Exercise:
From the first line of the listing below through the line with "This piece is", transcribe exactly and skip the pictures.

++++ Provided data ++++

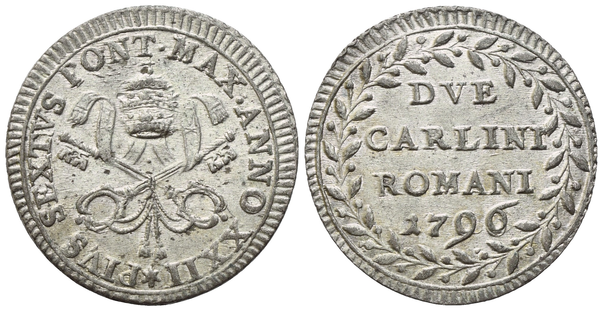 PIVS SEXTVS PONT MAX ANNO XXII Chiavi decussate con doppi cordoni e fiocchi pendenti sormontate da tiara. Rv. DVE / CARLINI / ROMANI / 1796. Iscrizione entro ghirlanda sinistrorsa d'alloro. Munt. 82. CNI 343. Sera. 357. Berm. 2978. qFDC
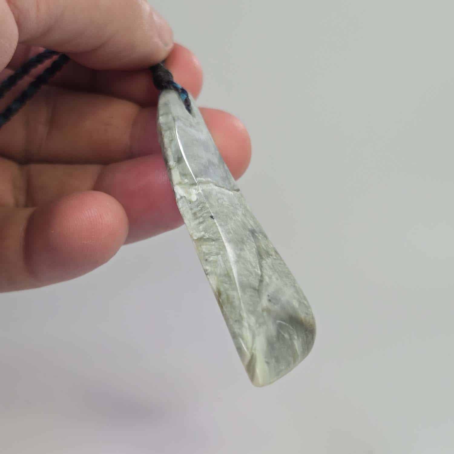 This piece is carved from an extraordinary type of Tangiwai Pounamu from the Piopiotahi (Milford Sound) region. While not the classic glassy Tangiwai many people recognise, this stone is something far more unique. The internal fibres run in aligned patterns, creating a natural chatoyancy that shifts and shimmers as the pendant moves. Soft whites and very pale greens flow through the stone, giving it a calm, subtle beauty.
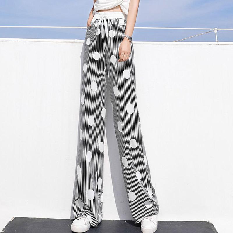 Color Striped Wide-leg Pants Ladies Summer High Waist Loose Thin Ice Silk Straight and Thin Casual Mopping Trousers

++++

Solution:
 PIVS SEXTVS PONT MAX ANNO XXII Chiavi decussate con doppi cordoni e fiocchi pendenti sormontate da tiara. Rv. DVE / CARLINI / ROMANI / 1796. Iscrizione entro ghirlanda sinistrorsa d'alloro. Munt. 82. CNI 343. Sera. 357. Berm. 2978. qFDC
 This piece is carved from an extraordinary type of Tangiwai Pounamu from the Piopiotahi (Milford Sound) region. While not the classic glassy Tangiwai many people recognise, this stone is something far more unique. The internal fibres run in aligned patterns, creating a natural chatoyancy that shifts and shimmers as the pendant moves. Soft whites and very pale greens flow through the stone, giving it a calm, subtle beauty.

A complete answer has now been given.